#### THE DATA
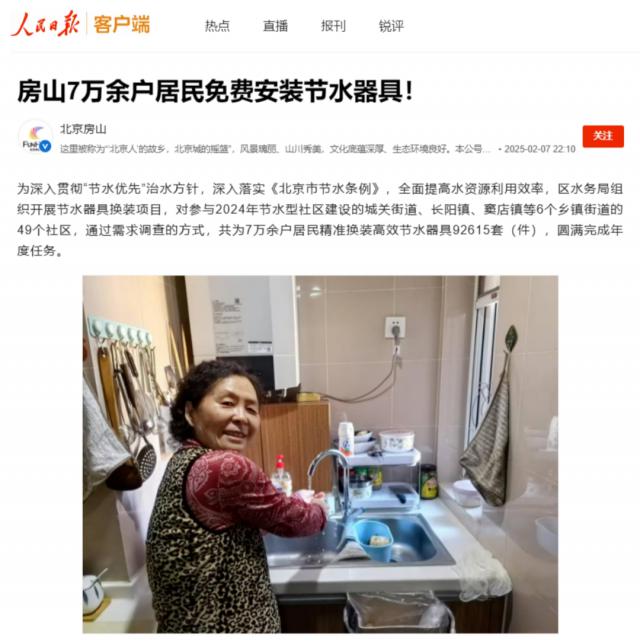 为深入贯彻“节水优先”治水政策,深入落实《北京市节水条例》,全面提高水资源利用效率,房山区水务局组织开展节水器具改装项目,参与 2024 城关街道、长阳镇、窦店镇等年节水型社区建设。 6 一条乡镇街道 49 一个社区,通过需求调查,共为 7 万余户居民精确改装高效节水器具 92615 套(件)。
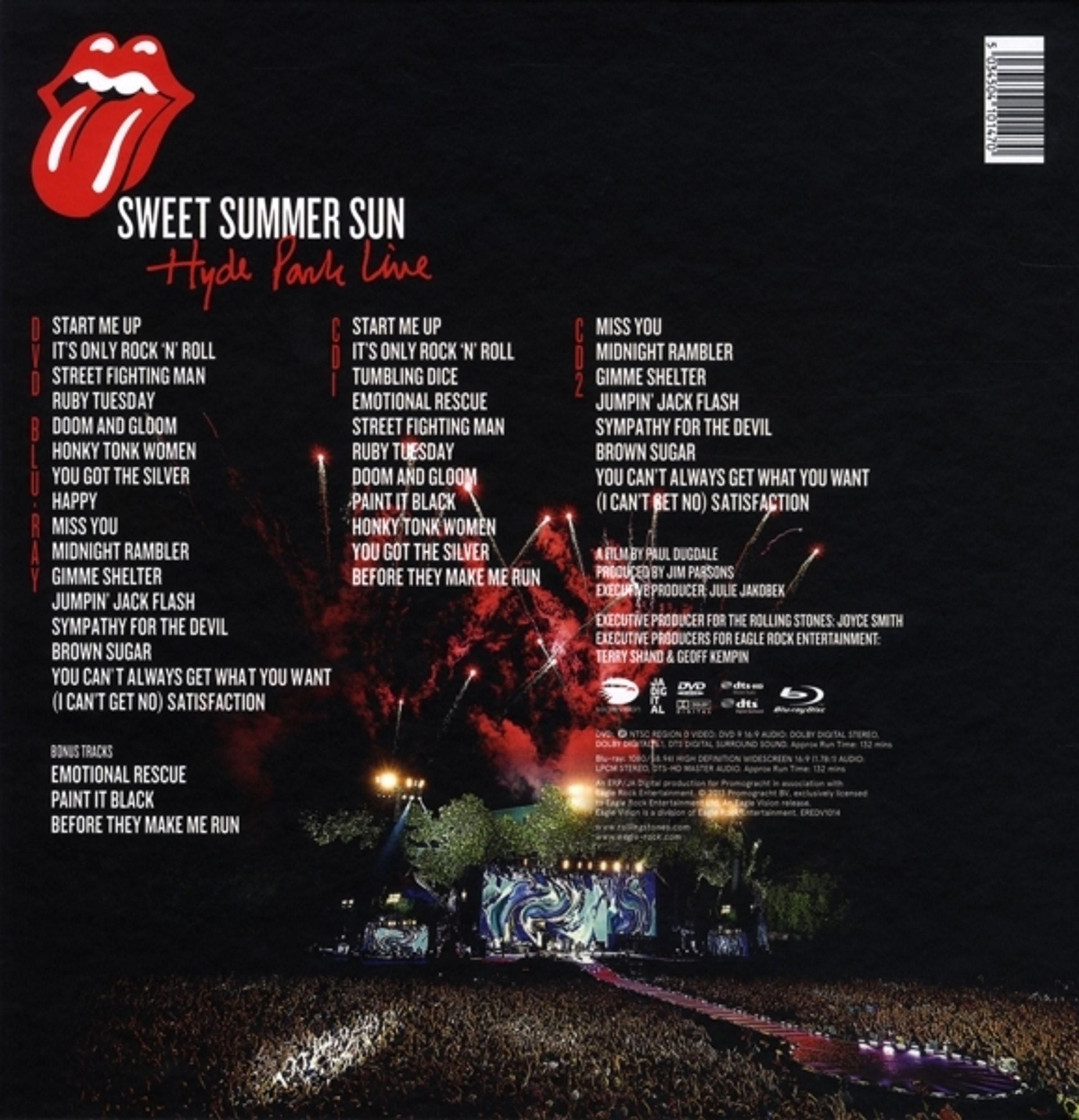 Mit dem neuen Album "Sweet Summer Sun – Hyde Park Live" erhalten neue als auch alte Fans die Möglichkeit, ihre Idole in aktueller Besetzung live zu erleben. Das Hyde-Park-Konzert der Rolling Stones erscheint in umfangreichen Editionen auf DVD und Blu-ray. Die CD- und Vinylversion enthält jeweils die DVD als Zugabe. Zusätzlich erscheint eine Limited Deluxe Edition inkl. Buch als auch eine Limited T-Shirt-Edition.
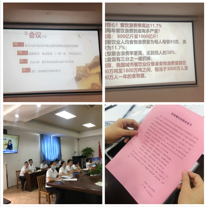 最后,全体党员宣读并签署《拒绝餐饮浪费承诺书》,承诺在餐饮工作和个人生活中坚决贯彻习近平总书记制止餐饮浪费的指示精神,谨记“勤俭是我们的传家宝,什么时候都不能丢”,始终如一,切实以党员先锋模范作用带动员工和身边人厉行节约,反对浪费。
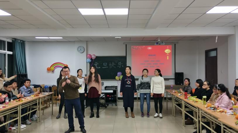 全体研究生与老师们共聚一堂,欢庆元旦佳节。
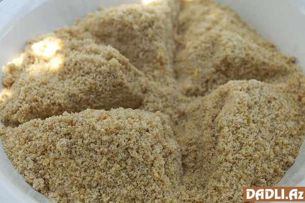 Təmizlənmiş qozu maşından keçirib şəkər tozu və hillə qarışdırın.
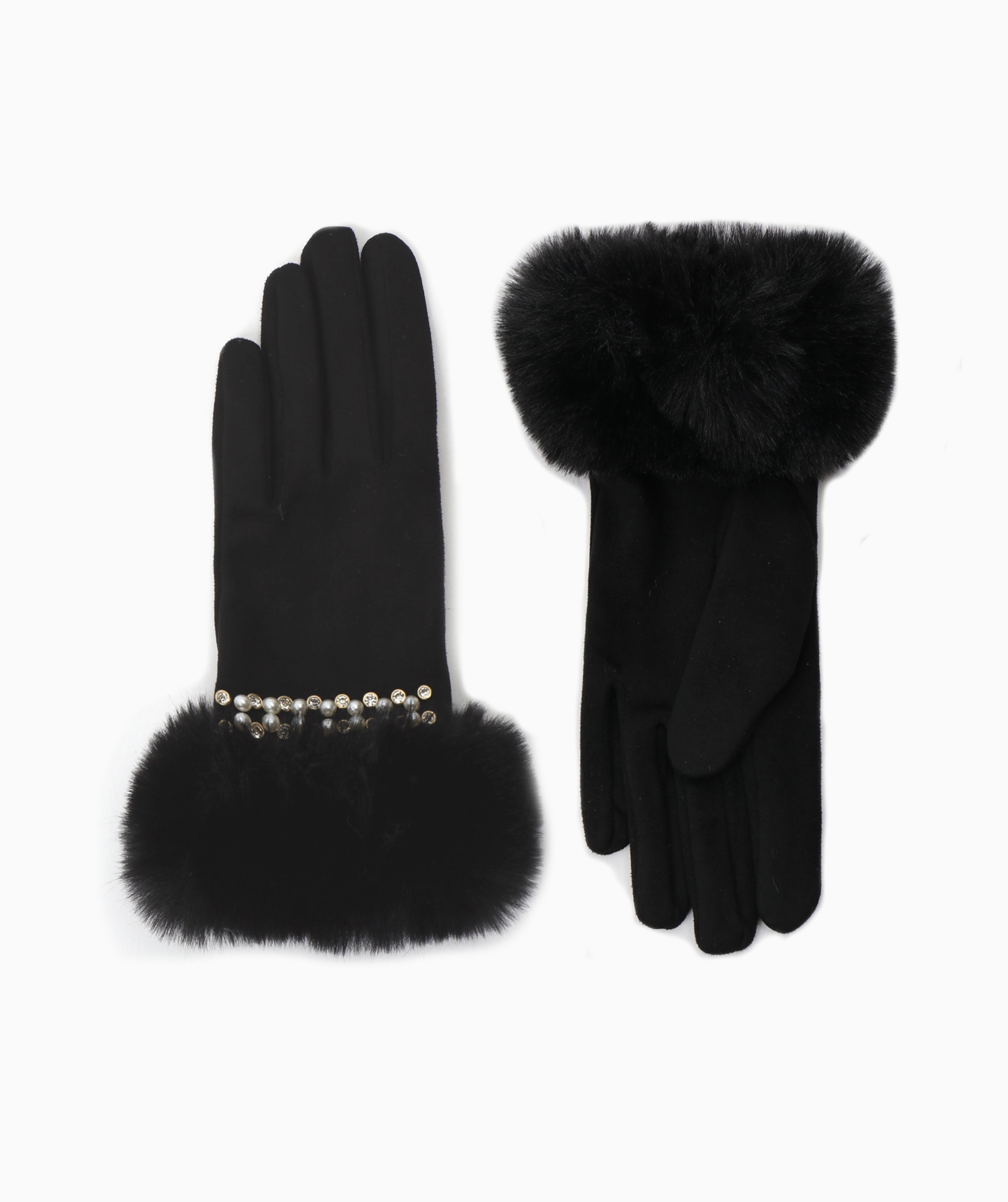 These black gloves are crafted from a soft, smooth fabric for a comfortable and refined fit. Finished with a plush faux fur cuff, they feature a subtle pearl and crystal embellishment at the wrist for an elegant touch. The clean silhouette and polished detailing create a timeless accessory with a premium look and feel.

#### PROBLEM REQUIREMENTS
Transcribe every record above exactly as written, leaving out any pictures.

#### ANSWER TO THIS TASK
 为深入贯彻“节水优先”治水政策,深入落实《北京市节水条例》,全面提高水资源利用效率,房山区水务局组织开展节水器具改装项目,参与 2024 城关街道、长阳镇、窦店镇等年节水型社区建设。 6 一条乡镇街道 49 一个社区,通过需求调查,共为 7 万余户居民精确改装高效节水器具 92615 套(件)。
 Mit dem neuen Album "Sweet Summer Sun – Hyde Park Live" erhalten neue als auch alte Fans die Möglichkeit, ihre Idole in aktueller Besetzung live zu erleben. Das Hyde-Park-Konzert der Rolling Stones erscheint in umfangreichen Editionen auf DVD und Blu-ray. Die CD- und Vinylversion enthält jeweils die DVD als Zugabe. Zusätzlich erscheint eine Limited Deluxe Edition inkl. Buch als auch eine Limited T-Shirt-Edition.
 最后,全体党员宣读并签署《拒绝餐饮浪费承诺书》,承诺在餐饮工作和个人生活中坚决贯彻习近平总书记制止餐饮浪费的指示精神,谨记“勤俭是我们的传家宝,什么时候都不能丢”,始终如一,切实以党员先锋模范作用带动员工和身边人厉行节约,反对浪费。
 全体研究生与老师们共聚一堂,欢庆元旦佳节。
 Təmizlənmiş qozu maşından keçirib şəkər tozu və hillə qarışdırın.
 These black gloves are crafted from a soft, smooth fabric for a comfortable and refined fit. Finished with a plush faux fur cuff, they feature a subtle pearl and crystal embellishment at the wrist for an elegant touch. The clean silhouette and polished detailing create a timeless accessory with a premium look and feel.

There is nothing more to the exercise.